----- RECORDS FOR THE EXERCISE -----

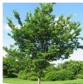
Hackberry- Celtis occidentalis

55' tall, attractive curling bark. Flowers attract humming birds
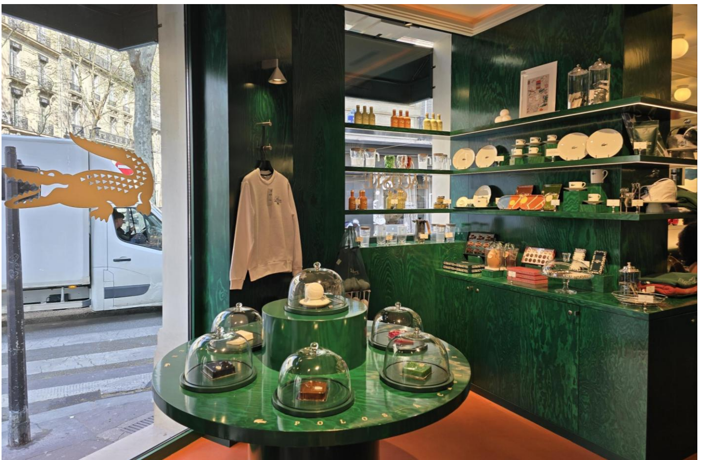
Store Interior 1
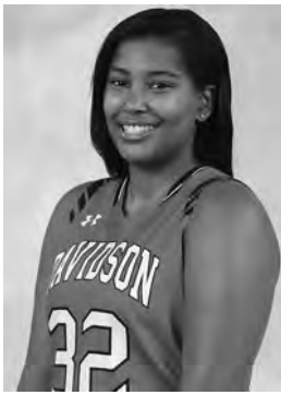
Guard • So. • 5-11 Schenectady, N.Y.
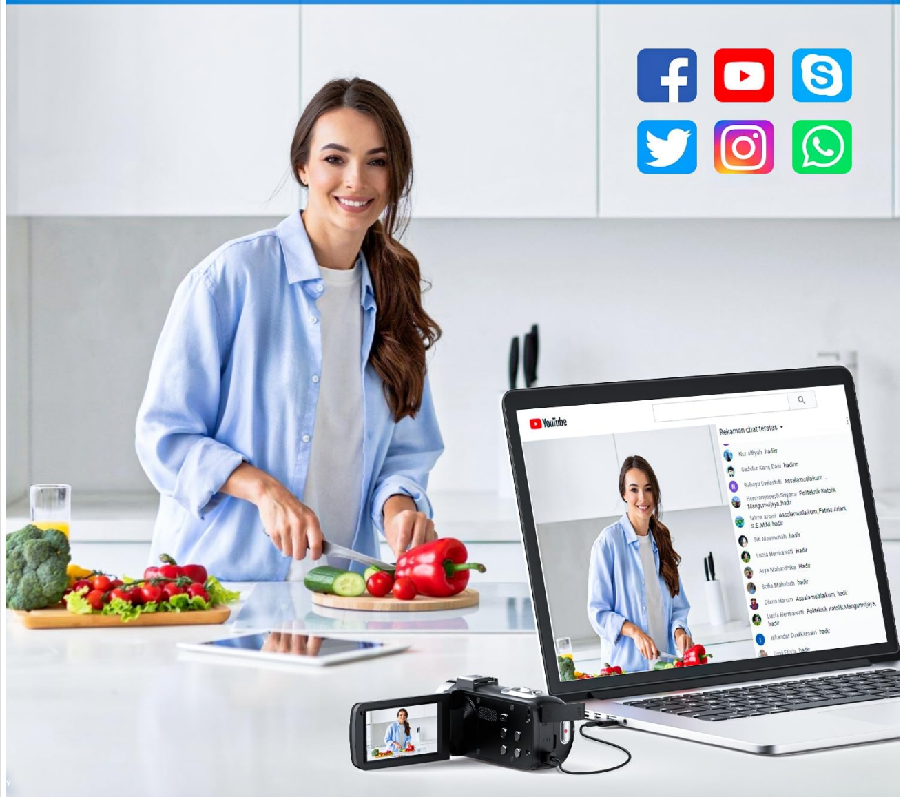
Figure 6: Camcorder used as a webcam.
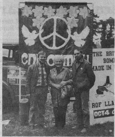
The three representatives who represented CND Cymru as delegates to European Conferences during October (see articles under International Year of Peace 1986 heading).

On November 21st the Wales NFZ Forum agreed to adopt a Common Format for Nuclear Free roadsigns for use in Wales. The design is based on the Peace Dove Symbol and will be available and hopefully, widely in use by Nuclear Free Wales week.
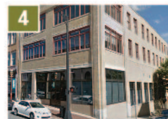
4 One West Fifth Street Developer: Chapman Co. Units: 13 (for sale) Built: 2003
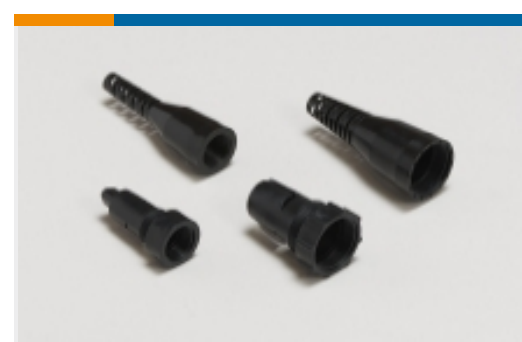
Connector Strain Relief(6)

-----

» **THE PROBLEM**
After removing the pictures, transcribe the listing above exactly.

» **EXERCISE SOLUTION**
Hackberry- Celtis occidentalis

55' tall, attractive curling bark. Flowers attract humming birds
Store Interior 1
Guard • So. • 5-11 Schenectady, N.Y.
Figure 6: Camcorder used as a webcam.
The three representatives who represented CND Cymru as delegates to European Conferences during October (see articles under International Year of Peace 1986 heading).

On November 21st the Wales NFZ Forum agreed to adopt a Common Format for Nuclear Free roadsigns for use in Wales. The design is based on the Peace Dove Symbol and will be available and hopefully, widely in use by Nuclear Free Wales week.
4 One West Fifth Street Developer: Chapman Co. Units: 13 (for sale) Built: 2003
Connector Strain Relief(6)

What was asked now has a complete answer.